- Exercise
What is the number of lines in the listing below that include the string "pour"? Answer with that number alone.

- Material provided
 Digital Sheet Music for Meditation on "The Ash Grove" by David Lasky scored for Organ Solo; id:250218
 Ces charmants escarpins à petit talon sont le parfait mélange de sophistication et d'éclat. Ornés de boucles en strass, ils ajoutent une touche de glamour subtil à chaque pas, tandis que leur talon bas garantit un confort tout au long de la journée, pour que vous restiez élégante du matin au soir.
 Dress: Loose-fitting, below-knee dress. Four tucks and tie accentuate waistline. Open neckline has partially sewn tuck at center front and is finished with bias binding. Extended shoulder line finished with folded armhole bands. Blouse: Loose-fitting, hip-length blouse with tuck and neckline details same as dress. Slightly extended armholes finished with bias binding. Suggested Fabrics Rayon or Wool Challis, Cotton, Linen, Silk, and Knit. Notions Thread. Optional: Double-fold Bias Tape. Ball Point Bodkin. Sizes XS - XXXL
==
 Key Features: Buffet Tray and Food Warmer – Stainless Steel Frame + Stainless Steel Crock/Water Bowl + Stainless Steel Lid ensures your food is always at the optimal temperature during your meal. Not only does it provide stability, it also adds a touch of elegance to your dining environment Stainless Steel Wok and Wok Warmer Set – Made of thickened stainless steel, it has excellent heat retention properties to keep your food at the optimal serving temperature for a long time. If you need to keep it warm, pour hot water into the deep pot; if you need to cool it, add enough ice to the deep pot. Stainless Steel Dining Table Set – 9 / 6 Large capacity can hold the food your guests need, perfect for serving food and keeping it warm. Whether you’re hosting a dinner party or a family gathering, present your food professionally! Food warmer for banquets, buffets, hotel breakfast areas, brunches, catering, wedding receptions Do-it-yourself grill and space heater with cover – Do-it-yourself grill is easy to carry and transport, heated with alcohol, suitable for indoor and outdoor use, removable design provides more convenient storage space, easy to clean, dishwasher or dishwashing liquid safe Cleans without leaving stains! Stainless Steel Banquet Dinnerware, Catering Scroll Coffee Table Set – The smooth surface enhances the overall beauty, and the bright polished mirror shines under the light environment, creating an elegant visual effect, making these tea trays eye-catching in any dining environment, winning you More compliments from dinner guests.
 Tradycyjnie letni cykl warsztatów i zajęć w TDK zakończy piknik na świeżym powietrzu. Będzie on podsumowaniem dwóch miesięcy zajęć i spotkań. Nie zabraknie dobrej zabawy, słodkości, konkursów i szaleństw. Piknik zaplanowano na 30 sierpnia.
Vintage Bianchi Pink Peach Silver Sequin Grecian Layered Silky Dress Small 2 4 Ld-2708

- Completed task
2